Il va sans dire que je ne fermai pas l’œil de la nuit ; de temps en temps, j’allongeais la main, pour m’assurer que mon cher fusil était toujours là. Jamais maîtresse adorée ne fut plus caressée que cet assemblage insensible de bois, de fer et d’acier.

Malheureusement, nous étions au mois de novembre, et le jour venait tard ; mais, si le jour, en se levant, regarda de mon côté, il me vit plus matinal que lui, et déjà revêtu de ma défroque de chasseur.

Tout cela formait un singulier mélange d’élégance et de pauvreté.

Le fusil était charmant ; un véritable petit fusil de duchesse à canon doré et cannelé, à lumière et à bassinet doublés de platine, à crosse de velours.

Ma poire à poudre à amorcer était une poire à poudre arabe rapportée d’Égypte par mon père, et faite d’une petite défense d’éléphant ; du reste, toute damasquinée d’or, comme ces choses d’Orient sur lesquelles il semble que le soleil ait déteint.

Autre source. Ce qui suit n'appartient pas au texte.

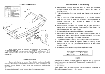 FITTING INSTRUCTION Clamp mark in acc. with ISO PN 1 L 2 + 3 31 4 R 5 58R 6 54 7 58L The instruction of the assembly Cables joining A Left directional lights Rear fog lights Ground Right directional lights Right side parking lights Stoplights Left side parking lights 10 4 7 7 A 7 7 1 6 5 4 3 2 This towing hitch is designed to assembly in following car: FORD MONDEO, 5 door, produced since 03.2007, catalogue no. C54A and is prepared to tow trailers max total weight 2120 kg and max vertical mass 80 kg. 1. Disassemble bumper together with its metal reinforcrment (reinforcement will not reinstall). Screw in bolts of reinforcement. 2. Take of a muffler from last handle and disassemble heatproof plate. 3. Slip in main bar of the towbar (pos. 1) to chassis mamber that way, so holes of main bar agree with holes prepared in chassis members . Fix loosely at points A by bolts M10x40mm (pos. 7). 4. Inside chassis members put nuts on the jib (pos. 4) and fix using bolts M10x40mm (pos. 7) as shown in the figure. Use big washers (pos. 10) – see figure. 5. Reassemble heatproof plate and hang up a muffler. 6. Fix body of the automat (pos. 5) and the socket plate (pos. 3) using bolts M12x25mm (pos. 6) from accessories. Place towball (pos. 2) according to supplied instruction. 7. Tighten all bolts according to the torque shown in the table. 8. Connect electric wires of 7-poles socket according to the instruction of the car. (Recommend to make at authorized service station). 9. Complete paint layer damaged during installation. Torque settings for nuts and bolts (8,8): M 8 - 25 Nm M 10 - 55 Nm M 12 - 85 Nm M 14 - 135 Nm NOTE From manufacturer Thank you for buying our product. Their reliability has been confirmed in many tests. Reliability of towing hitch depends also on correct assembly and right operation. For this reasons we kindly ask to read carefully this instruction and apply to hints. The towing hitch should be install in points described by a car producer. After install the towing hitch you should get adequate note in registration book (at authorised service station). The car should be equipped with: • Indicators • Tow mirrors After 1000km check all bolts and nuts. The ball of towing hitch must be always kept clear and conserve with a grease. PPUH AUTO-HAK S.J. Towing hitch accessories: Produkcja Zaczepów Kulowych Henryk & Zbigniew Nejman 76-200 SŁUPSK ul. Słoneczna 16K tel/fax (059) 8-414-414; 8-414-413 E-mail: [email protected] www.autohak.com.pl Towing hitch (without electrical set) Class: A50-X Cat. no. C54A Technical data: D-value: 11,6 kN maximum trailer weight: 2120 kg maximum vertical cup mass: 80 kg Designed for: Manufacturer: FORD Model: MONDEO Type: 5 door produced since 03.2007 Approval number according to Directive 94/20/EC: e20*94/20*0736*00 Foreword This towing hitch is designed according to rules of safety traffic regulations. The towing hitch is a safety component and can be install only by qualified personnel. Any alteration or conversion of the towing hitch is prohibited and would lead to cancellation of design certification. Remove insulating compound and underseal from vehicle (if present) in the area of the matting surfaces of the towing hitch. The vehicle manufacturer’s specifications regarding trailer mass and max. vertical cup mass are decisive for driving whereat values for the towing hitch cannot be exceeded. D-value formula: Max trailer weight [kg] x Max vehicle weight [kg] Max trailer weight [kg] + Max vehicle weight [kg] X 9,81 = 1000 D [kN] INSTRUKCJA MontaŜu i eksploatacji zaczepu kulowego Oznaczenie zacisku wg ISO PN 1 L 2 + 3 31 4 R 5 58R 6 54 7 58L Kolejność czynności przy montaŜu 1. Zdemontować zderzak wraz z metalowym wzmocnieniem (wzmocnienie nie będzie ponownie montowane). Wkręcić ponownie śruby mocujące wzmocnienie. 2. Opuścić tłumik z tylnego zawiesia i zdemontować blachę Ŝarową. 3. Wsunąć belkę główną zaczepu (poz. 1) w podłuŜnice tak, aby otwory belki pokryły się z otworami w podłuŜnicach. Przykręcić luźno w punktach A śrubami M10x40mm (poz. 7). 4. Do podłuŜnic wsunąć nakrętki na wysięgnikach (poz. 4) i skręcić jak pokazano na rysunku śrubami M10x40mm (poz. 7). Wykorzystać duŜe podkładki (poz. 10) – patrz rysunek. 5. Zamontować blachę Ŝarową oraz podwiesić tłumik. 6. Przykręcić korpus automatu (poz. 5) śrubami M12x25mm (poz. 6) wraz z blachą pod gniazdo (poz. 3). Zamocować kulę zgodnie z instrukcją dołączaną do zaczepu z końcówką szybkodemontowalną. 7. Dokręcić wszystkie śruby z momentem jak pokazano w tabeli. 8. Podłączyć przewody gniazdka 7 – bieg. do instalacji elektrycznej zgodnie z instrukcją fabryczną samochodu (zaleca się wykonanie w ASO). 9. Uzupełnić ewentualne ubytki powłoki malarskiej zaczepu powstałe w trakcie montaŜu. A Łączenie przewodów 10 Kierunkowskazy lewe Tylne światła przeciwmgłowe Masa Kierunkowskazy prawe Światła pozycyjne prawe Światła hamowania Światła pozycyjne lewe 4 7 7 A 7 7 1 6 5 4 3 2 Zaczep kulowy przeznaczony jest do zamontowania w samochodzie: FORD MONDEO, 5 drz., produkowanym od 03.2007r., nr katalogowy C54A i słuŜy do ciągnięcia przyczep o masie całkowitej 2120 kg i nacisku na kulę max 80 kg. OD PRODUCENTA Dziękujemy za wybór produkowanego przez naszą firmę zaczepu kulowego. Jego niezawodność została potwierdzona licznymi testami oraz opiniami zadowolonych klientów. JednakŜe niezawodność zaczepów kulowych jest zaleŜna równieŜ od prawidłowego montaŜu oraz prawidłowej eksploatacji. Z tego powodu prosimy Państwa o staranne przeczytanie niniejszej instrukcji montaŜu oraz przestrzeganie właściwych wskazówek. Zaczep naleŜy zamontować w miejscach do tego celu przeznaczonych przez producenta samochodu. Zalecany moment skręcający dla śrub i nakrętek 8,8: M 8 - 25 Nm M 10 - 55 Nm M 12 - 85 Nm M 14 - 135 Nm UWAGA Po zamontowaniu zaczepu kulowego naleŜy uzyskać wpis w dowodzie rejestracyjnym poj

Ma poire à poudre à charger était en corne transparente comme du verre, et montée tout en argent. La charge, ou plutôt ce qui contenait la charge, était un renard couché, ciselé comme si Barye eût existé de ce temps-là : elle venait de la princesse Pauline.

Tout le reste de l’accoutrement était plus que modeste, et jurait fort avec ces trois objets de luxe.

Au reste, ne sachant pas encore ce que c’était que l’amour, je ne savais pas non plus ce que c’était que la coquetterie.

Je couchais dans la même chambre que ma mère ; elle se leva en même temps que moi, joyeuse et attristée à la fois ; joyeuse de ma joie, attristée de ce premier échappement, si je puis parler ainsi, à sa puissance maternelle.

Je courus chez M. Picot ; lui n’était pas levé ; je fis si grand bruit, que je le réveillai.

— Oh ! oh ! me dit-il en passant sa culotte de velours à côtes et ses grandes guêtres de cuir, c’est déjà toi, garçon ?

— C’est qu’il est tard, monsieur Picot, il est sept heures.

— Oui ; mais il a neigé, et les alouettes ne se lèvent qu’à midi.